— Ну, что ж тебе еще! А теперь хочу быть мужем тебе!
— Я не хочу! Не буду!.. Вон отсюда! — слабо вскрикнула Марина, указывая царику на дверь в сени.
XV
Встреча
После описанного вечера супруг Марины стал к ней необычайно нежен, ласков, даже предупредителен. Затем порыв прошел, и он перешел к другим развлечениям и к шумным оргиям с другими женщинами, которые ему нравились более Марины; но царик был уже доволен тем, что вынудил свою супругу подчиниться его требованиям, и этим заслужил одобрение и похвалы со стороны своих приближенных и одночашников. Благодаря таким отзывам и отголоскам, царик ставил свой поступок с Мариной себе в некоторую заслугу, кичился им, как настоящим подвигом, и даже не прочь был выказать себя по отношению к ней и снисходительным и даже великодушным.

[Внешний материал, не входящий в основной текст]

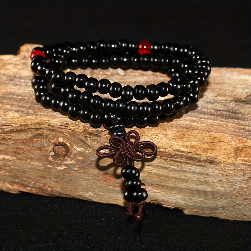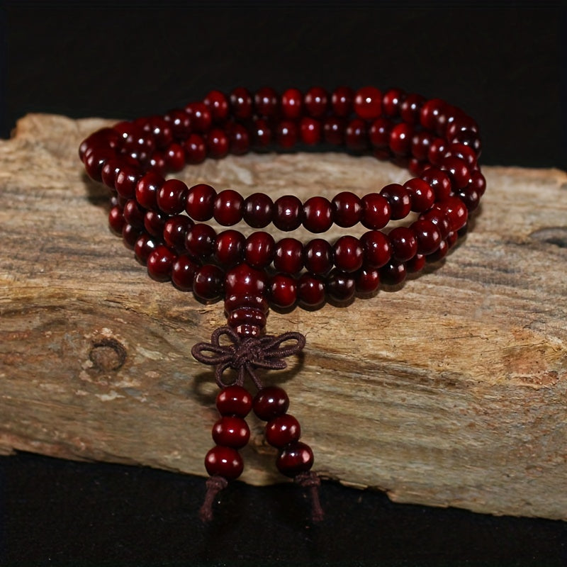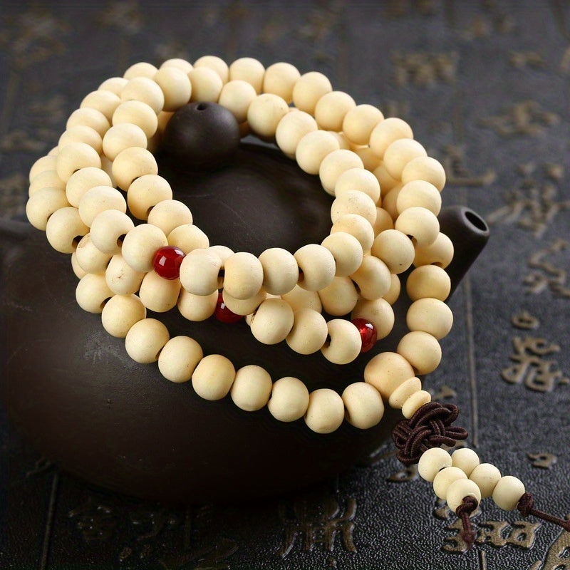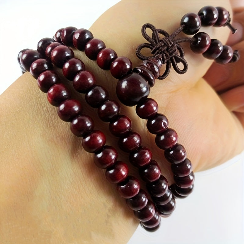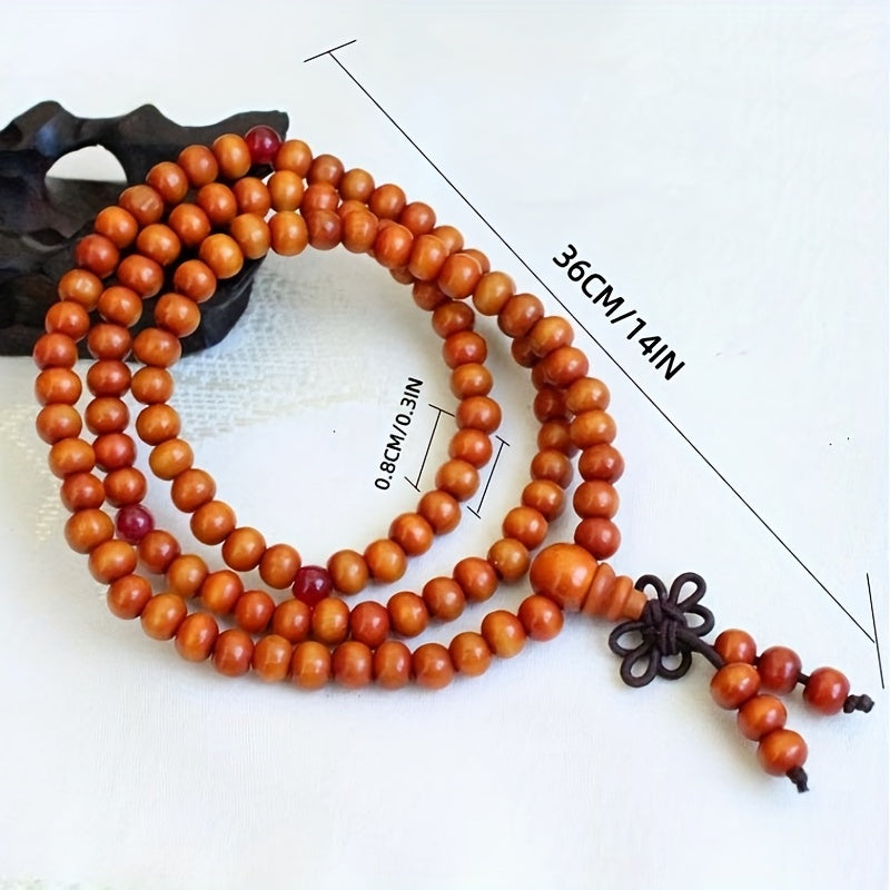 This bracelet features 108 natural sandalwood beads with knot detailing, perfect for meditation or daily wear.

Что же касается Марины, то она после вынесенного ею грубого насилия вдруг почувствовала себя совершенно убитою и уничтоженною… Она — гордая и самолюбивая, с презрением относившаяся к этому дерзкому самозванцу, к этому ничтожному, жестокому, грубому человеку — вдруг почувствовала себя действительно его рабою, его одалискою, игрушкою его прихоти, которую он мог заставить подчиниться мимолетному порыву страсти и потом бросить в сторону, как ребенок бросает помятую, поломанную игрушку!.. Ужаснее этого сознания, ужаснее этого унижения Марина никогда не могла себе представить! Ей представлялось, что он мог бы добиться той же цели менее оскорбительным для нее путем; он мог хотя бы для виду за нею поухаживать, поугождать некоторое время ее прихотям, прикинуться ласковым, любящим, страстным, просить ее, молить о снисхождении… Но так грубо, так низко, так бессовестно попрать все ее женские права, так жестоко подчинить ее грубой силе — и нанести ей это оскорбление на глазах всех ее женщин, на виду у пьяной оравы его шутов и приспешников… Да! Ужаснее подобного унижения Марина ничего не могла себе представить!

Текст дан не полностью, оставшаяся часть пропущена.